Studio album by Malachi Thompson
- Released: October 26, 1999
- Recorded: May 3, 1998 – June 7, 1999
- Studio: Riverside, Chicago
- Genre: Jazz
- Length: 64:22
- Label: Delmark DE-518
- Producer: Robert G. Koester, Steve Wagner, Malachi Thompson

Malachi Thompson chronology
| Freebop Now! (1999) | Rising Daystar (1999) | Talking Horns (2001) |

= Rising Daystar =

Rising Daystar is an album by the American jazz trumpeter Malachi Thompson, released by the Delmark label in 1999.

==Reception==

AllMusic reviewer Alex Henderson stated: "When Malachi Thompson calls his music 'free bop,' it isn't empty rhetoric; he really does take a free, open-minded approach to bop, and he savors 'the tradition' without being enslaved by it.
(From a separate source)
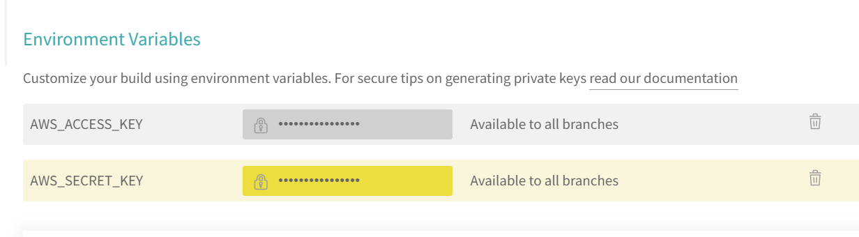 Environment Variables 항목에서 아까 발급받은 키 값 등록

Recorded at three separate sessions in 1997, 1998, and 1999, Rising Daystar is primarily a hard bop/post-bop CD... But while Rising Daystar is more inside than outside ... the Chicagoan isn't limited to that approach ... he detours into the avant garde and savors the pleasures of dissonant outside improvisation". In JazzTimes, Tom Terrell observed: "Feeling their collective hard bopping, free jazzing, Afro-head swinging inner child, Malachi and Freebop get all the way open".

Professional ratings
Review scores
| Source | Rating |
| AllMusic | Star |
| The Penguin Guide to Jazz Recordings | Star |

==Track listing==
All Compositions BY Malachi Thompson except where noted
1. "Rising Daystar" – 8:01
2. "Mansa" – 10:46
3. "Busy Little Fingers" – 4:17
4. "Nefertiti" (Wayne Shorter) – 7:52
5. "Surrender Your Love" – 4:48
6. "Fanfare for Trane" – 12:25
7. "Song for Morgan" – 10:15
8. "Circles in the Air (Dedicated to Fred Hopkins)" – 5:36

==Personnel==
- Malachi Thompson – trumpet
- Gary Bartz – alto saxophone, soprano saxophone (tracks 1–7)
- Sonny Seals – tenor saxophone (track 5)
- Kirk Brown – piano (tracks 1–7)
- James Cammack (track 5), Harrison Bankhead (tracks 1 & 3–5), Fred Hopkins (track 8), John Whitfield (tracks 2, 6 & 7) – bass
- Nasar Abedey (tracks 1, 3 & 4), Dana Hall (tracks 5 & 8) – drums
- Tony Carpenter – percussion (tracks 2 & 5–7)
- Dee Alexander – vocals (track 5)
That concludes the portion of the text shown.